MONDAY, March 8, 2004 (HealthDayNews) -- If you go to a hospital with a heart attack during the holiday season, you are more likely to die than at other times of the year, researchers report.
In addition, you are less likely to get lifesaving medications, such as aspirin and drugs called beta blockers, which lower blood pressure. You are also less likely to undergo an angioplasty, which is a procedure to open clogged arteries.
People admitted during the winter holiday weeks were not only less likely to get proper therapy, but also had worse outcomes, says lead researcher Dr. Trip Meine, a cardiologist at Duke University Medical Center.
Meine's team collected data on 134,609 heart attack patients who were listed in the Cooperative Cardiovascular Project, which kept track of patients admitted to U.S. hospitals from 1994 to 1996.
The researcher compared the treatment and outcome of the patients seen during the last two weeks of December and the first two weeks of January to those seen at other times.
They found 77 percent of the patients admitted during the holiday weeks received aspirin compared with 78 percent at other times. There was also a difference in the use of beta blockers, with 43 percent receiving them on hospital admission during the holidays compared with 45 percent during the rest of the year.
Moreover, only 13 percent underwent angioplasty during the holidays compared with 15 percent at other times, according to the report, which was presented March 8 at the American College of Cardiology's annual scientific sessions in New Orleans.
And perhaps worst of all, 23 percent of the patients admitted during the four weeks surrounding Christmas and New Year's died, compared with 21 percent during the rest of the year.
Many studies have shown people are more likely to die from heart attacks during the winter holidays, but none of the studies looked at causes, Meine says.
In their study, the researchers found the number of heart attack patients seen during the four-week holiday period was not different from any other four-week period in the year.
Meine speculates that during these holidays the health-care system is strained, with lower staffing of doctors, nurses and medical technicians.
"This is the reason we saw less angioplasty," Meine says. "And once you see less angioplasty, it is not surprising that mortality goes up."
During periods when staffing is reduced, such as holidays, weekends and nights, patients suffer, Meine says. "We need to do everything we can to minimize or prevent these periods."
"Health care needs to be like a casino: open 24 hours, seven days a week, with no difference in staffing any day or time," Meine says.
Dr. Stephen P. Glasser, a professor of epidemiology at the University of Minnesota, says the finding is not surprising, but he questions that understaffing is the reason for increased mortality.

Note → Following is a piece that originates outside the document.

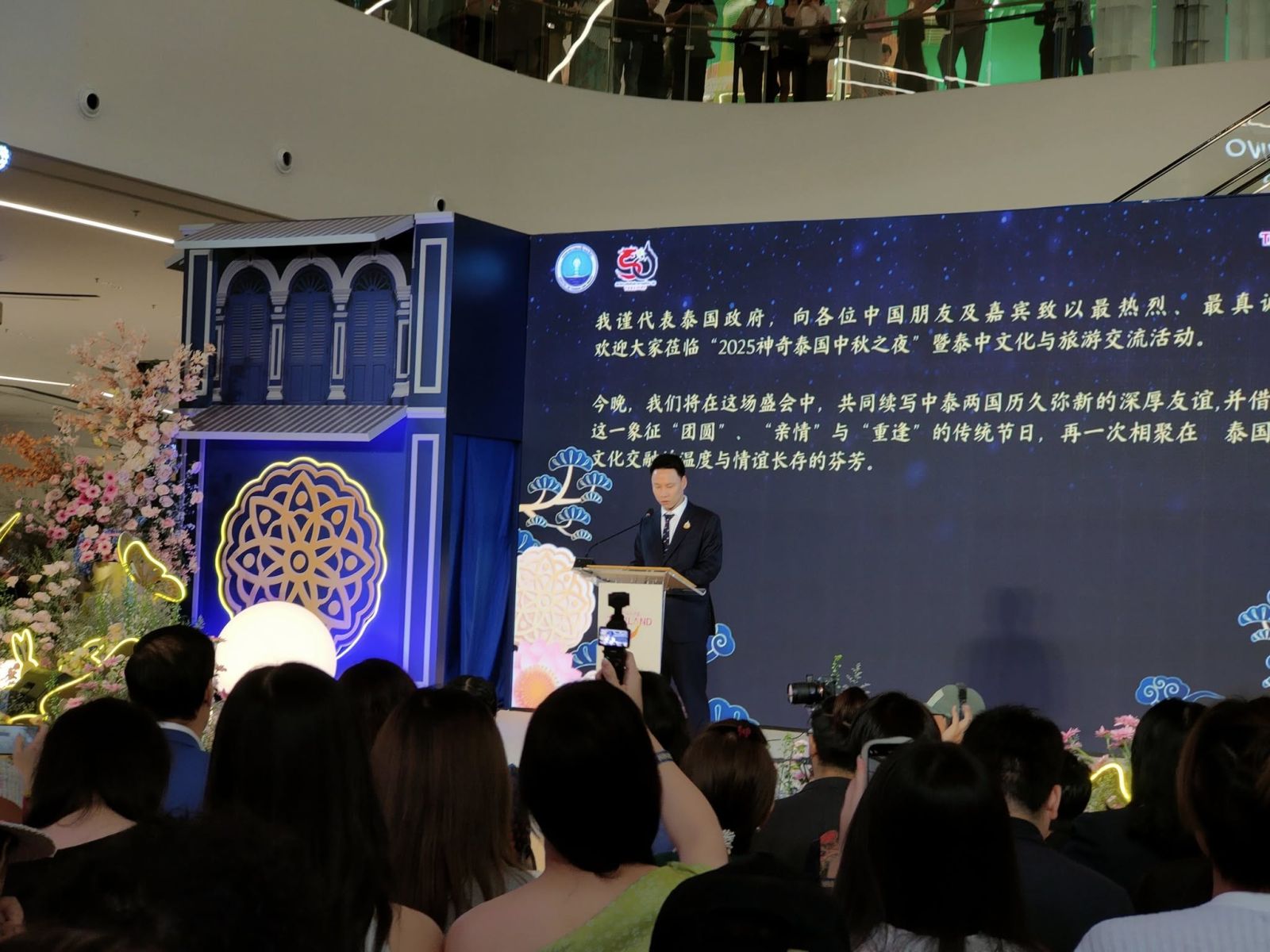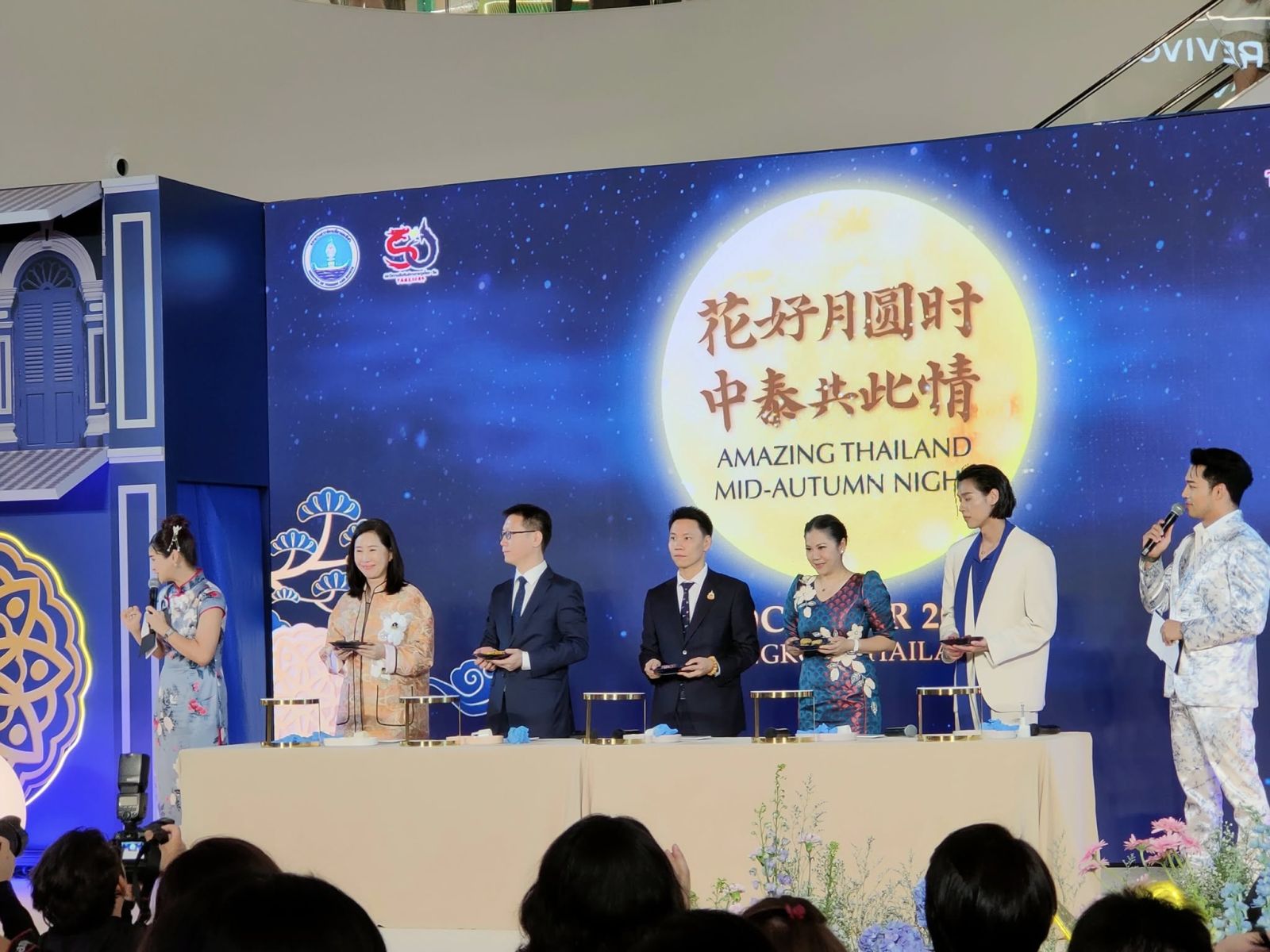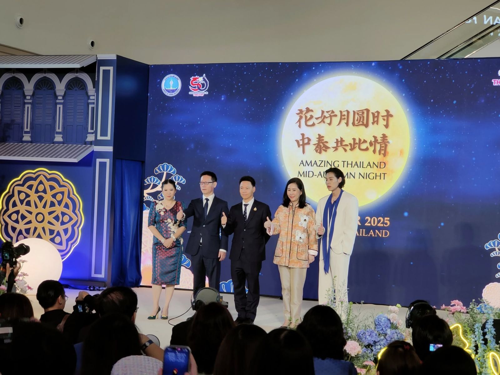 ทั้งนี้ งานเลี้ยงต้อนรับ Amazing Thailand, Mid-Autumn Night 2025 ณ Parade, One Bangkok ได้รับเกียรติจากนายหยาง เสี่ยวหลง ที่ปรึกษาด้านวัฒนธรรม สถานเอกอัครราชทูตจีนประจำประเทศไทย กล่าวต้อนรับและอวยพรเนื่องในโอกาสพิเศษ พร้อมด้วยนายอรรถกร ศิริลัทธยากร รัฐมนตรีว่าการกระทรวงการท่องเที่ยวและกีฬา กล่าวเปิดงานอย่างเป็นทางการ ภายในงาน ททท. ต้อนรับแขกผู้มีเกียรติด้วยบรรยากาศ “The Moon of Friendship in the Garden” ท่ามกลางสวนดอกไม้อันวิจิตร รายล้อมด้วยพระจันทร์ที่เปรียบเสมือนสัญลักษณ์แห่งการเชื่อมโยงหัวใจของสองวัฒนธรรมให้เคียงข้างกันอย่างกลมเกลียว ถ่ายทอดความสุข รอยยิ้ม และสายสัมพันธ์ที่จะก้าวสู่อนาคตร่วมกัน พร้อมทั้งนำเสนอ “ขนมไหว้พระจันทร์” ซึ่งหมายถึง ความสมบูรณ์ ความรื่นรมย์ และคำมั่นแห่งมิตรภาพอันยั่งยืน พร้อมกันนี้ยังได้เชิญแขกคนพิเศษ ป้อง - ณวัฒน์ กุลรัตนรักษ์ ร่วมพูดคุยประสบการณ์ด้านการท่องเที่ยวและความสัมพันธ์ไทย-จีน และบิวกิ้น - พุฒิพงศ์ อัสสรัตนกุล ร่วมพูดคุย และมอบโชว์พิเศษเพื่อเฉลิมฉลองและอวยพรผู้เข้าร่วมงาน โดยยังได้ร่วมทำขนมไหว้พระจันทร์ไส้มงคล พร้อมกับรัฐมนตรีว่าการกระทรวงการท่องเที่ยวและกีฬา ที่ปรึกษาด้านวัฒนธรรมจากสถานเอกอัครราชทูตจีน นางสาวนัทรียา ทวีวงศ์ ปลัดกระทรวงการท่องเที่ยวและกีฬา และนางสาวฐาปนีย์ เกียรติไพบูลย์ ผู้ว่าการ ททท.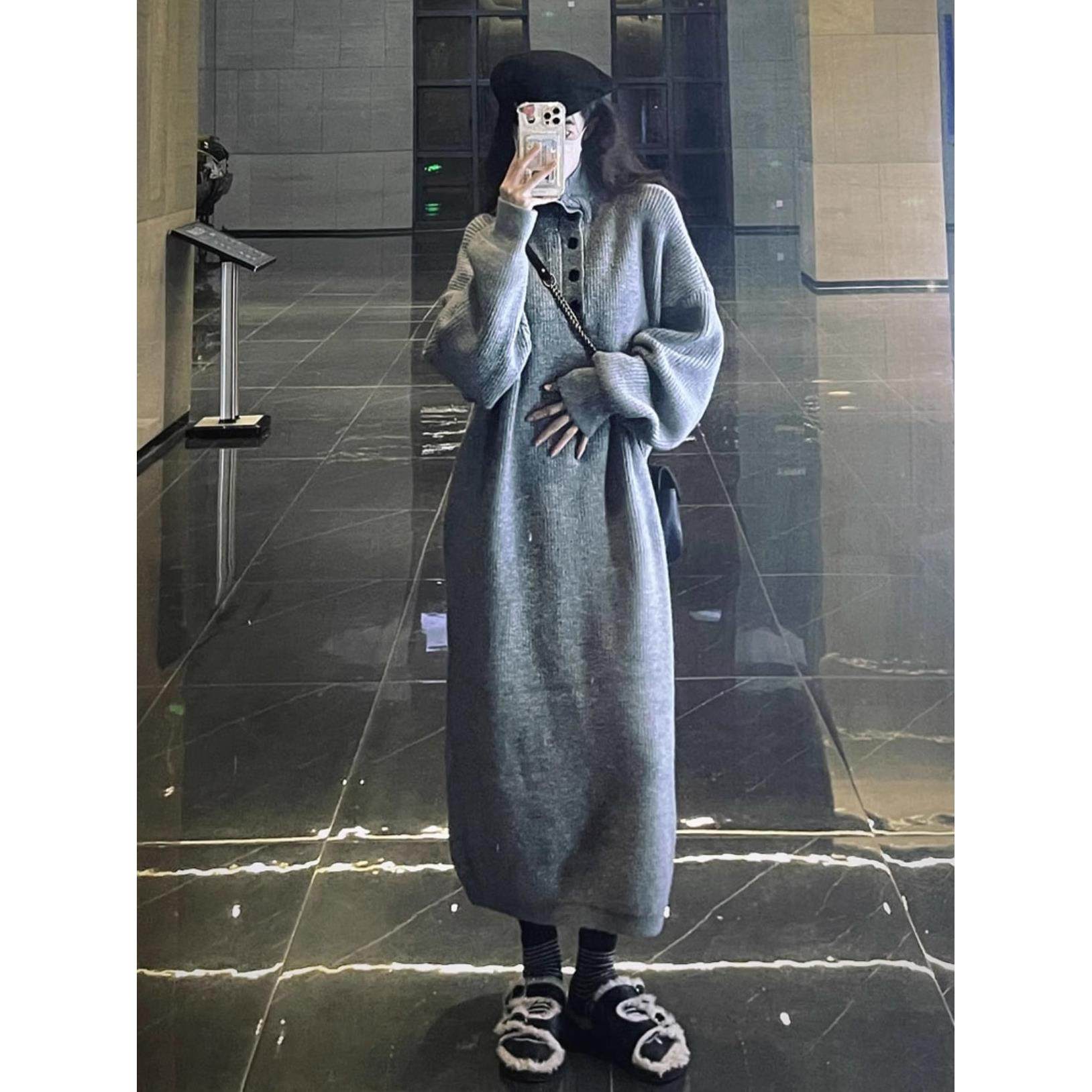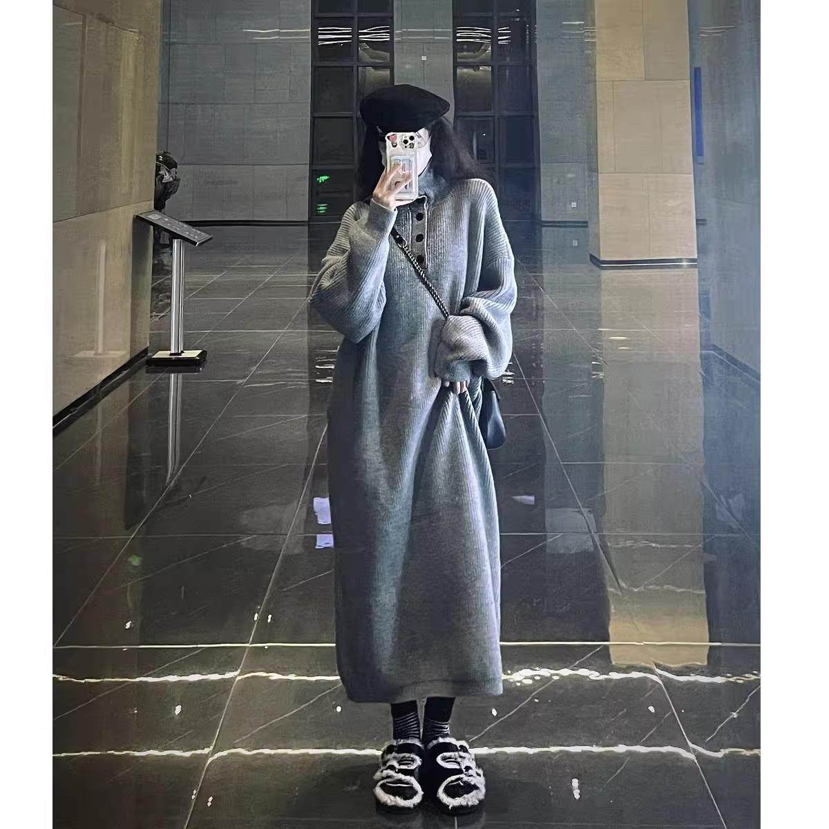 灰色慵懒风针织连衣裙女韩系大码 过膝毛衣裙子秋冬厚 宽松显瘦长款

These problems may or may not be due to reduced staffing, he says. Other studies have shown that heart attacks tend to be more severe during the winter as well as more frequent, which may also account for the finding, Glasser says.
"It could also be factors we know nothing about," he adds. So it may have nothing to do with fewer angioplasties or medications, Glasser says.
"Understaffing as a reason for the findings has merit and makes sense, but whether it's true or not is the question," he adds.
Dr. Robert A. Kloner, a professor of cardiovascular medicine at the University of Southern California, notes that in his own research in Los Angeles, he found deaths from heart attacks are highest during December and January.
Kloner speculates that colder weather, which causes higher blood pressure, is to blame. He also says the increase in heart attack deaths could be due to fewer hours of daylight or holiday stress, overeating and drinking.
"But hospital understaffing may also play a part," he says. "Maybe hospitals need to schedule better and realize that winter holiday time is also the time most heart attacks occur."